To say that I've been in a funk lately is an understatement! A funk with working out, eating right and just having plain old energy! I'm sure you are all tired of hearing about it!
My funk with eating right, well, that's just it! I'm not eating right. I'm not making sure I get in all my dairy, veggies/fruit, oil, water, etc! And I was so depressed last night (after my failed workout session, more on that later), that I vowed to never eat again!
Well, ok. I didn't go that far. But I've been eating very conservatively today. It's almost like I don't want to eat because I'm so depressed about the weight gain and feeling yucky and everything in general! And I hate that I'm feeling this way. I hate that I'm feeling like I shouldn't eat because I've gained weight. That's not healthy. That's what eating disorders are made of! So, I'm working on my eating. I need to find my right balance of eating again.
My funk with working out is two-fold. I'm having problems with my one foot. I call it my "problem foot" (aka my left foot). My dad has had major problems with his feet, so much so, that he had surgery on one of them before. I fear I am suffering from the same foot problems. I need to make an appointment with a podiatrist. I just keep procrastinating.

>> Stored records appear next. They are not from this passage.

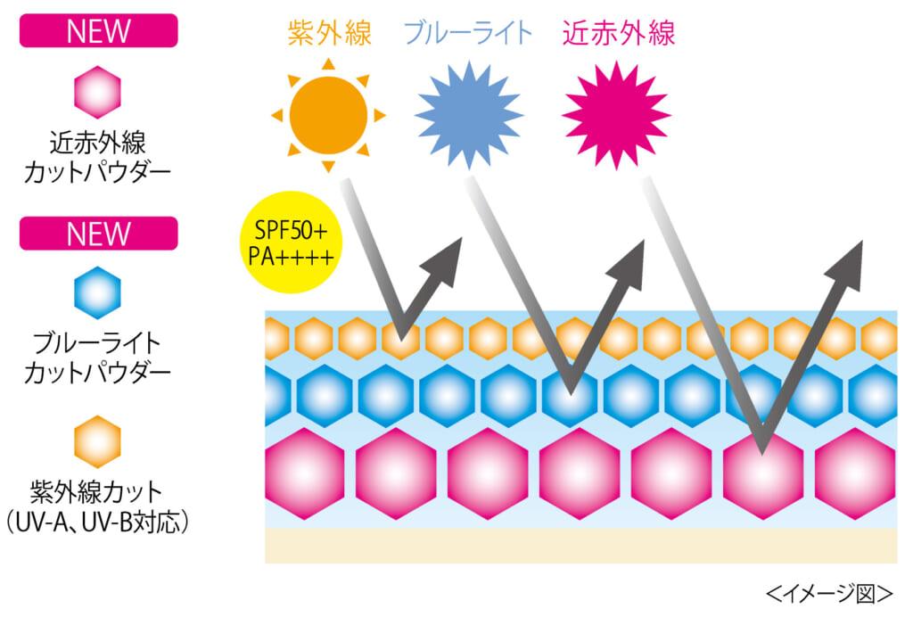 SPF50+・PA++++/UV耐水性★★の最強UVカット※11に加え、太陽光に含まれるブルーライトや近赤外線をカットするパウダーを新配合しました。
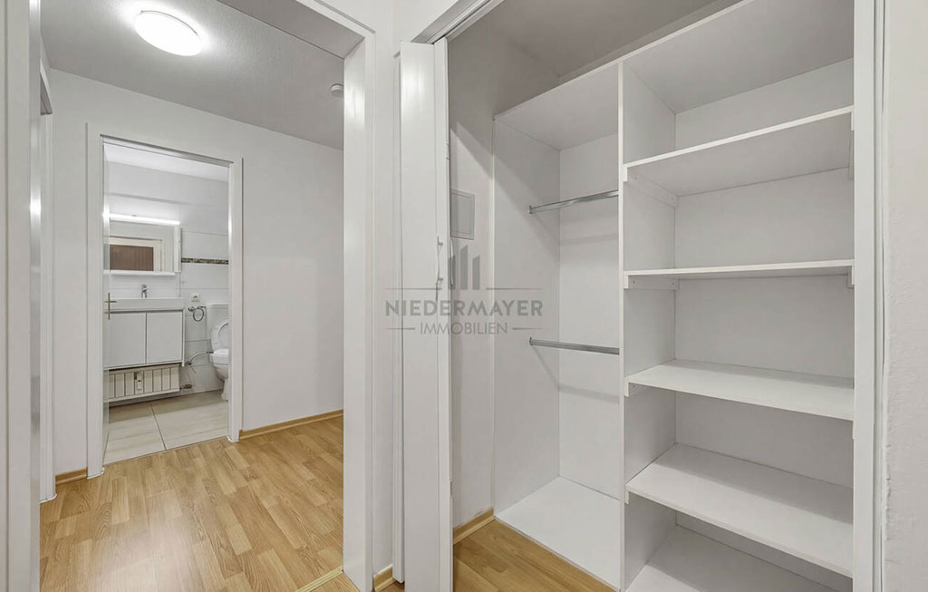 Die Einbauküche ist mit Geschirrspüler, Kühlschrank, Herd und Backofen ausgestattet. Das modern geflieste Badezimmer verfügt über eine Dusche, einen Handtuchheizkörper sowie einen Waschmaschinenanschluss. Eine separate Abstellkammer mit Schiebetür in der Diele bietet zusätzlichen Stauraum. Abgerundet wird dieses attraktive Angebot durch ein Kellerabteil sowie einen Einzelstellplatz in der Tiefgarage mit direktem Hauszugang.
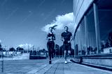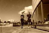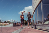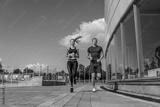 Athletic couple man woman, summer in city, jogging in jump, free space for text motivation fitness and workout, sportswear. Background tile and glass windows.
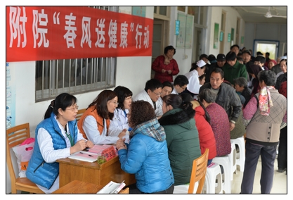 3月8日上午八点三十分,我院专家乘坐查体车准时到达天平街道大陡山村义诊。此次“春风送健康”义诊活动由我院女工委和查体中心联合组织,参加义诊活动的专家队伍阵容强大,由内科、外科和妇科等9位专家医师和11名南丁格尔志愿者组成。活动共接待就诊咨询社区居民近300名,开出处方100余张,心电图检查150余人次、DR检查100余人次,发放健康处方、健康宣教材料1000余份。义诊现场气氛热烈,社区居民积极踊跃参加,受到了群众的一致欢迎和好评。这次义诊,不仅是对“春风送健康”活动主题的最美诠释,同时树立了泰山医学院附属医院良好的社会形象,收到了很好的社会效益。
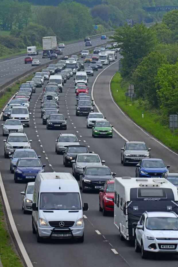 私家车出行导致英国M5公路的部分路段从今天(5月30日)早上开始就处于停顿状态!各地的停车场和公路也都是“车满为患”。
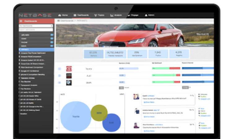 The NetBase platform processes millions of social media posts daily for actionable business insights for research, marketing, PR customer service, sales, and product innovation. NetBase offers businesses foresight and real-time social information to stay "in the loop" and fuel action for their brands. NetBase has partnerships with Walmart, American Airlines, Coca-Cola, Arby’s, Universal Music Group, Ogilvy, T-Mobile, and YUM! Brands.
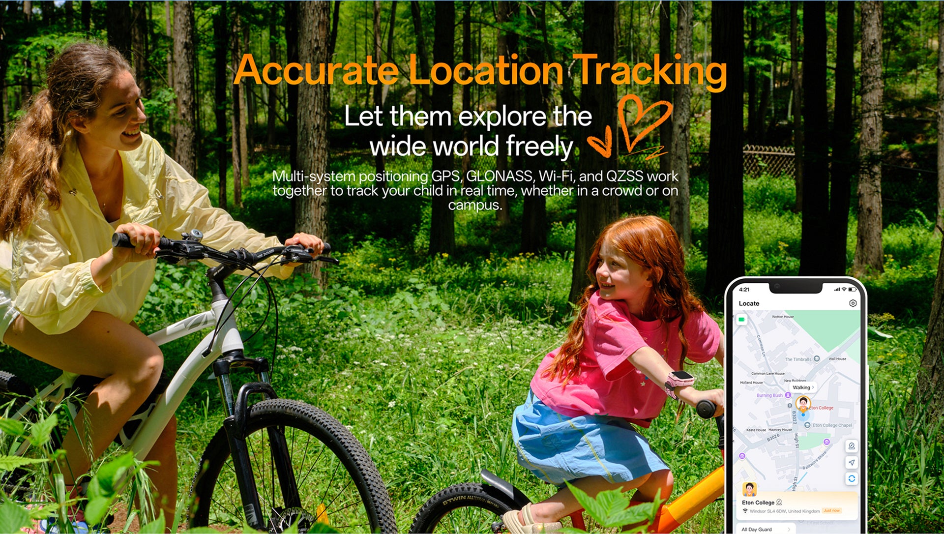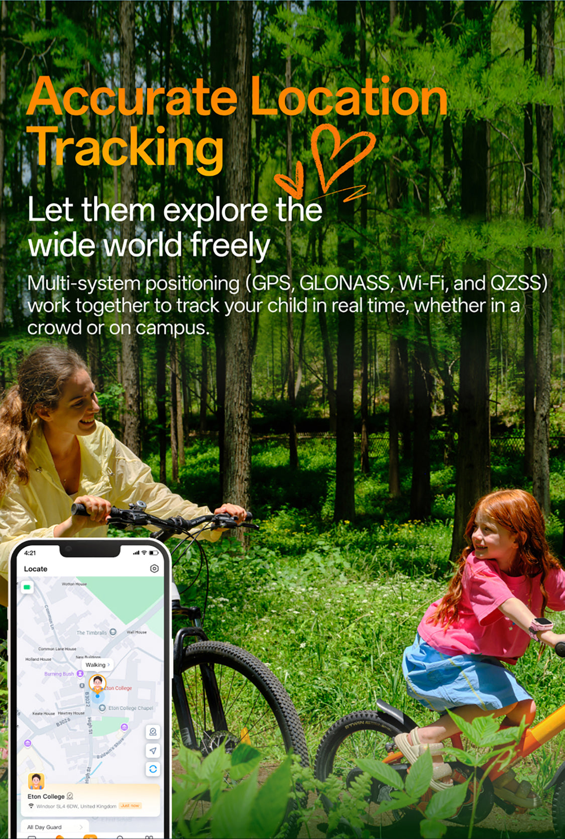 1. Accurate Location Tracking: GPS, GLONASS, Wi-Fi, and QZSS work together to provide real-time location tracking — whether your child is on campus or in a crowd.

I know some of what he will say..."You should be running." "You shouldn't be doing step aerobics." "You shouldn't....." Ugh, I don't want to hear it because truthfully, I'm not going to stop doing those two things right now. What I do hope a doctor can do for me is give me a shoe insert that will relieve the pressure on my toe that's bothering me. It even hurts to just walk on my foot.
And because of this, my working out is suffering. I stop working out because my toe hurts. I skip classes because my toe hurts. Then I get in a bad mood because all the things I love to do, I'm not doing because my toe hurts. I hate having ailments. And I hate complaining about them too! My only option here is to make an appointment with the doctor.
I've also felt really tired lately. So much so that I even "rested my eyes" during lunch at Subway yesterday, not to mention on the train to and from work! Part of this reason is probably because I'm borderline anemic. I go on an off taking iron pills but I notice that when I don't take them, I do feel more tired. And I haven't taken any iron pills in a few months (I lost my bottle!). lol
So today I went to Walgreens and bought some iron pills again. Lucky me, they were buy one get one free!! Woohoo! I also decided to buy fish oil pills (which were also buy one get one free! Woohoo!!). I've never taken fish oil pills but know they are supposed to be really good for you due to the Omega 3 fatty acids. I don't eat any fish ever so it's probably good for me to take these pills. I also take a multivitamin when I remember.
My question for all of you is, do you take vitamins? What vitamins do you take and why?